In August 1944, Kuryluk moved from Lwów to Lublin and began to publish "Odrodzenie" ("The Renaissance"). The magazine was intended as a revival of "Signals" and the first issue commemorated writers and artists killed by the Nazis, publishing a long list of victims, including Bruno Schulz, whom the underground tried to save. In 1945, he moved with his magazine to Cracow, and in 1947 to Warsaw. Among the contributors to "Odrodzenie" counted the future Nobel Prize laureates Czesław Miłosz and Wisława Szymborska, the novelist Tadeusz Konwicki and the poet Tadeusz Różewicz.

After the Kielce pogrom in July 1946, the taboo topic of anti-Semitism's rise in postwar Poland was addressed by "Odrodzenie". However, with the Soviet's firm grip on power and Stalinism on the move, Kuryluk was quickly losing what had remained of his relative independence. In February 1948, he resigned from "Odrodzenie" and worked first in the literary section of the Polish Radio and later in publishing.

Minister of Culture

From April 1956 to April 1958, Kuryluk was Minister of Culture in the government of Józef Cyrankiewicz and used his term to liberalize culture, and to open it to the West. The French Institute opened in Warsaw (the first lecturer was Michel Foucault), theater and movie stars (Laurence Olivier, Vivien Leigh, Gérard Philipe, Yves Montand) came to visit and to perform; western books and films, avant-garde music and art became available, the first exhibit by Henry Moore was arranged. New galleries and publications sprung up all over the country and a group of young Wrocław journalists founded, but soon had to stop publishing, "Signals II".

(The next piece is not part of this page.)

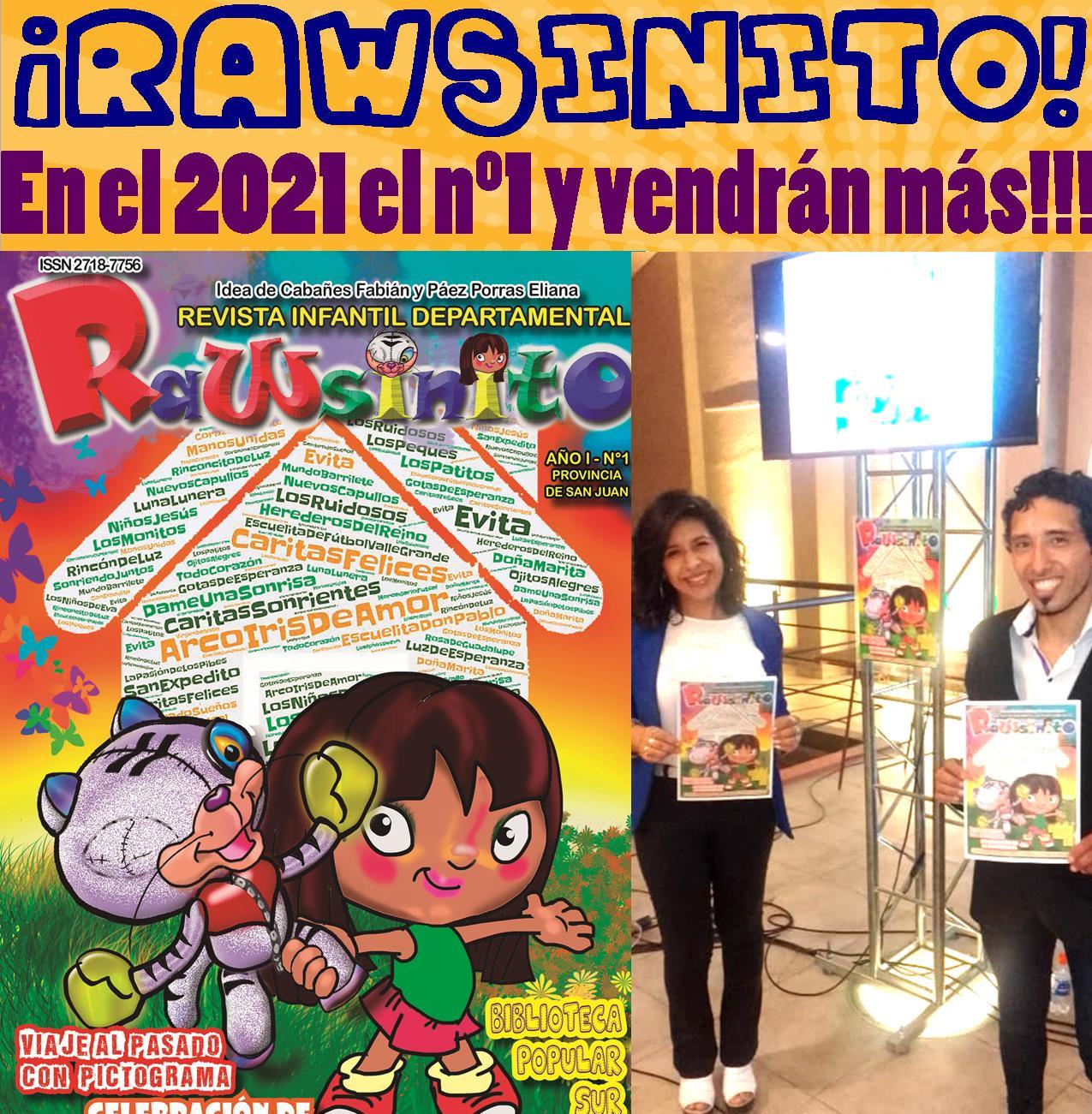 Rawsinito fue creada y dirigida por la Prof. Eliana Páez Porras y el Lic. Fabián Cabañes. Nace en el 2021 y en su primer año el primer número de la Revista Infantil del Departamento de Rawson es: 1) Lanzado en la Feria Provincial de la Cultura Popular y el Libro; 2) Declarado de Interés Cultural por el Ministerio de la Cultura de la Nación; 3) Declarado de Interés Departamental, Social y Cultural por el Municipio de Rawson; 4) Invitado por diferentes medios de comunicación provincial de tipo radial, televisivo y de prensa en papel, entre ellos DIARIO DE CUYO; 5) Distribuido en merenderos rawsinos, incluyendo talleres literarios con los infantes que asisten a estas instituciones; 6) Entregado en carácter de donación a Bibliotecas Populares de la provincia y 7) Montado en fotografía las páginas del primer número en el marco de un nuevo aniversario de la Biblioteca Popular Sur, entre otras. En este nuevo año invitamos a la comunidad sanjuanina a sumarse a este proyecto desde el aporte en el contenido de la misma hasta la colaboración en la financiación de la impresiones para llegar a más merenderos y comedores infantiles.

In the spring of 1957, Kuryluk was part of a government delegation headed by the Prime Minister Cyrankiewicz. The delegation was to tour Asia to lobby for the enlarged version of the Rapacki Plan that would suit the Soviets by creating a huge block of non-aligned countries, extending from East Berlin through Poland, Mongolia, India, China, Vietnam, Burma, and Cambodia. The delegation was received by Nehru, Mao Tse-Tung, Hồ Chí Minh and Prince Sihanouk, signed everywhere with meaningless declarations of friendship, and was a complete flop.

Towards the end of 1957, the Party (PZPR) began to stop the process of liberalization. The First Secretary Gomułka was against the generous scholarship program of the Ministry of Culture, sending thousands of Polish intellectuals and artists to the West. When the writer Marek Hłasko chose freedom in Paris, this was taken as a pretext to fire Kuryluk as minister of culture, and to get him out of the country as well.

In December 1958, Kuryluk was appointed ambassador of the People's Republic of Poland to Austria. He arrived with his family on 1 January 1959 in Vienna and served until the summer of 1964.

Honors and awards

A pacifist innately, he stayed away from military action and was particularly active in saving Jews. He hid Peppa Frauenglas and her two sons in his own sublet room. In 2002, he was honored by Yad Vashem as Righteous Among the Nations of the World.[1]